BERNARDINA P. BARTOLOME, Petitioner,

vs.

SOCIAL SECURITY SYSTEM and SCANMAR MARITIME SERVICES, INC.,


Respondents.

G.R. No. 192531 November 12, 2014

PONENTE: Velasco, Jr.

TOPIC: Civil status of adopted upon death of adopter, biological parent of adoptee as
beneficiary

FACTS:

John Colcol was employed as electrician by Scanmar Maritime Services, Inc. He


was enrolled under the government’s Employees’ Compensation Program (ECP). He died
due to an accident while on board the vessel. John was, at the time of his death, childless
and unmarried. Thus, petitioner Bernardina P. Bartolome, John’s biologicalmother and,
allegedly, sole remaining beneficiary, filed a claim for death benefits.

SSS denied the claim on the ground that Bernardina was no longer considered
as the parent of John since the latter was legally adopted by Cornelio Colcol. As such, it is
Cornelio who qualifies as John’s primary beneficiary, not petitioner.

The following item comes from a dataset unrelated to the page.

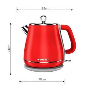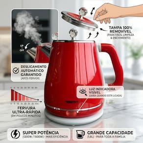 Chaleira elétrica com design moderno e vibrante na cor vermelha. Possui 1500W de potência para aquecimento rápido da água, capacidade de 1,8 litros, desligamento automático ao atingir a fervura, luz indicadora de funcionamento, tampa removível e alavanca Liga/Desliga. Estrutura resistente e durável.Acessórios

According to the records, Cornelio died during John’s minority.

ISSUES:

1. Whether or not the death of the adopter during the adoptee’s minority results to the
restoration of the parental authority to the biological parents of the latter.
2. Whether or not Bernardina is considered as a legal beneficiary of John.

HELD:

FIRST ISSUE: Yes.


The Court ruled that John’s minority at the time of his adopter’s death is a
significant factor in the case at bar. Under such circumstance, parental authority should
be deemed to have reverted in favor of the biological parents. Otherwise, taking into
account Our consistent ruling that adoption is a personal relationship and that there are
no collateral relatives by virtue of adoption, who was then left to care for the
minor adopted child if the adopter passed away?

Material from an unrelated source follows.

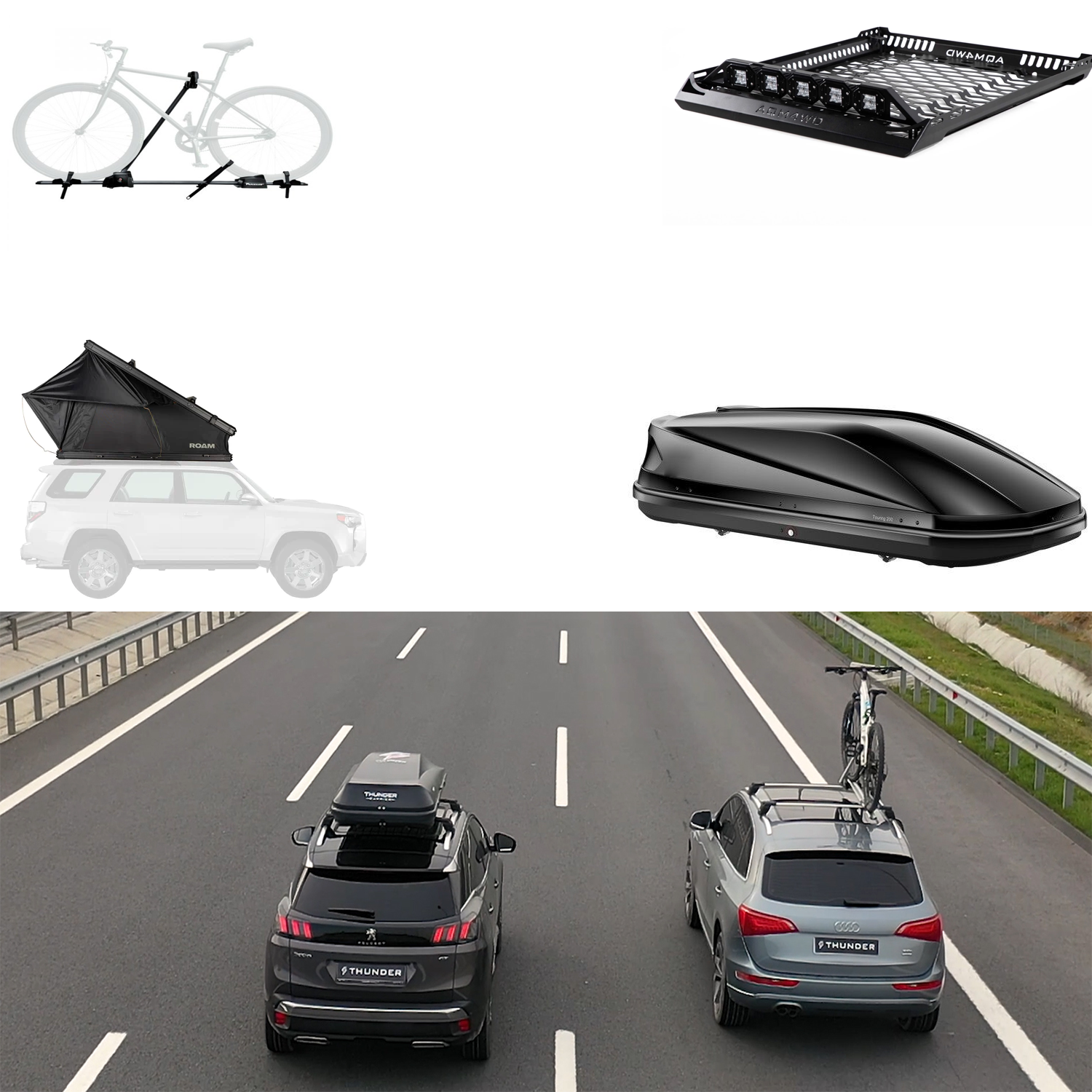 Novo, nizka linija strešnih nosilcev Thunder, nameščen na integriranih strešnih nosilcih.

The Court also applied by analogy, insofar as the restoration of custody is


concerned, the provisions of law on rescission of adoption wherein if said petition is
granted, the parental authority of the adoptee’s biological parents shall be restored if
the adoptee is still a minor or incapacitated.

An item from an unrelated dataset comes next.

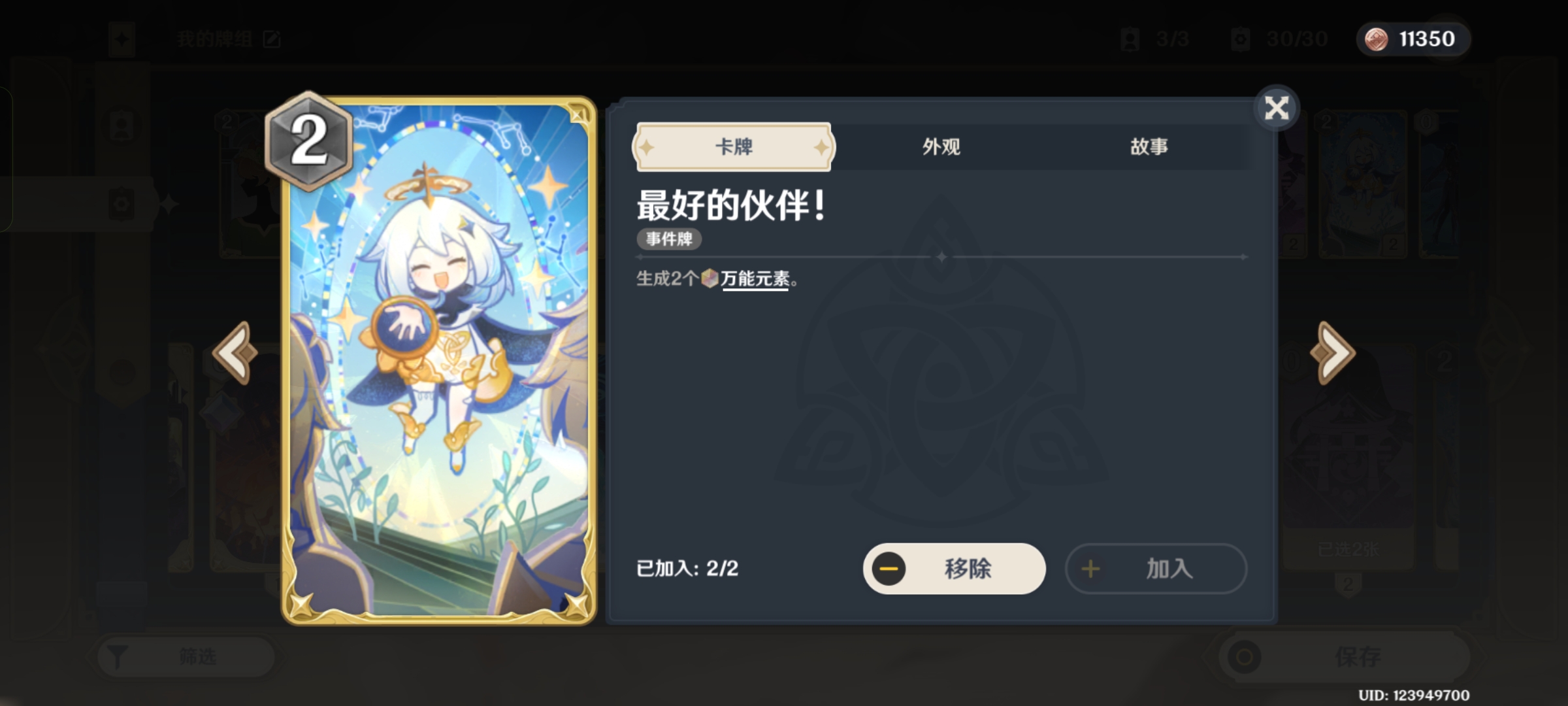 记得带这个,可以给三个万能元素多找行动牌为1和0的。

The manner herein of terminating the adopter’s parental authority, unlike the
grounds for rescission, justifies the retention of vested rights and obligations between the
adopter and the adoptee, while the consequent restoration of parental authority in favor
of the biological parents, simultaneously, ensures that the adoptee, who is still a minor, is
not left to fend for himself at such a tender age.

From the foregoing, it is apparent that the biological parents retain their rights
of succession tothe estate of their child who was the subject of adoption. While the
benefits arising from the death of an SSS covered employee do not form part of the estate
of the adopted child, the pertinent provision on legal or intestate succession at least
reveals the policy on the rights of the biological parents and those by adoption vis-à-vis
the right to receive benefits from the adopted. In the same way that certain rights still
attach by virtue of the blood relation, so too should certain obligations, which,
the Court ruled, include the exercise of parental authority, in the event of the untimely
passing of their minor offspring’s adoptive parent.

SECOND ISSUE: Yes.

The Court held that Cornelio’s adoption of John, without more, does not deprive
petitioner of the right to receive the benefits stemming from John’s death as a dependent
parent given Cornelio’s untimely demise during John’s minority. Since the parent by
adoption already died, then the death benefits under the Employees’ Compensation
Program shall accrue solely to herein petitioner, John’s sole remaining beneficiary.